Retraining the saved model #2

Closed anushmanukyan closed 3 years ago

anushmanukyan commented 6 years ago

I'm trying to retrain the saved model, but it behaves very strangely:

  1. does not seem to start from the same behaviour that has been saved
  2. repeats only one type of action after running the retraining

I guess this is pytorch issue, but maybe you've succeeded the retraining, and might know how should it be done?

Saving:

def save_model_for_training(self, episode, filepath):
        checkpoint = {
            'episode': episode,
            'state_dict': self.net.state_dict(),
            'optimizer': self.optimizer.state_dict()
        }
        torch.save(checkpoint, filepath)

 self.save_model_for_training(episode, filepath= self.model_path + 'model.pt')

Loading saved model:

checkpoint = torch.load(self.model_path + 'model.pt')
self.start_episode = checkpoint['episode']
self.net.load_state_dict(checkpoint['state_dict'])
self.optimizer.load_state_dict(checkpoint['optimizer'])

Thanks a lot in advance

TianhongDai commented 6 years ago

@anushmanukyan Could I know which environment and algorithm you are training for?

anushmanukyan commented 6 years ago

@TianhongDai I am using PPO.

TianhongDai commented 6 years ago

@anushmanukyan I guess you just load the weights of the model. if you check the line here: https://github.com/TianhongDai/reinforcement-learning-algorithms/blob/master/07-proximal-policy-optimization/ppo_agent.py#L113 When I test the network, I also load the object of running mean filter. Because during training , I use the running mean filter to normalize the input. So, if you want to retrain your model, you should also load the "trained" running mean filter. Otherwise you will get different result.
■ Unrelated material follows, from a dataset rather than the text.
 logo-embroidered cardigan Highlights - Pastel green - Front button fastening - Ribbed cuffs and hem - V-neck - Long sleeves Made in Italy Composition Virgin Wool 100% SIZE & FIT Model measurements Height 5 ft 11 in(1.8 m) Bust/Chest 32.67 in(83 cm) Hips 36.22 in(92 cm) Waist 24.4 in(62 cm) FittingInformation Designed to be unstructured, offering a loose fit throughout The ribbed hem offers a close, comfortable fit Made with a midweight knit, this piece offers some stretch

anushmanukyan commented 6 years ago

I added running mean filter and retraining seems to work better now. However I have another question: how the demo.py works? Basically I can not figure out how the testing works, since I save the best model, but then when i test this model it has different reward than it had while saving that model. How it can be possible? And also if I run several times the same model then I get different performance.

Thank you so much for your help.

TianhongDai commented 6 years ago

@anushmanukyan Hi, I think demo.py should work fine, you can download my pre-trained model from: https://drive.google.com/drive/u/2/folders/1cZjjCA5WHs-Lfw63ntzeUjMo_wZoIgXw Then, just run python demo.py . It will still get same high scores as it get during training. You can check https://github.com/TianhongDai/reinforcement-learning-algorithms/blob/master/07-proximal-policy-optimization/ppo_agent.py#L111 here to see how did i test the network.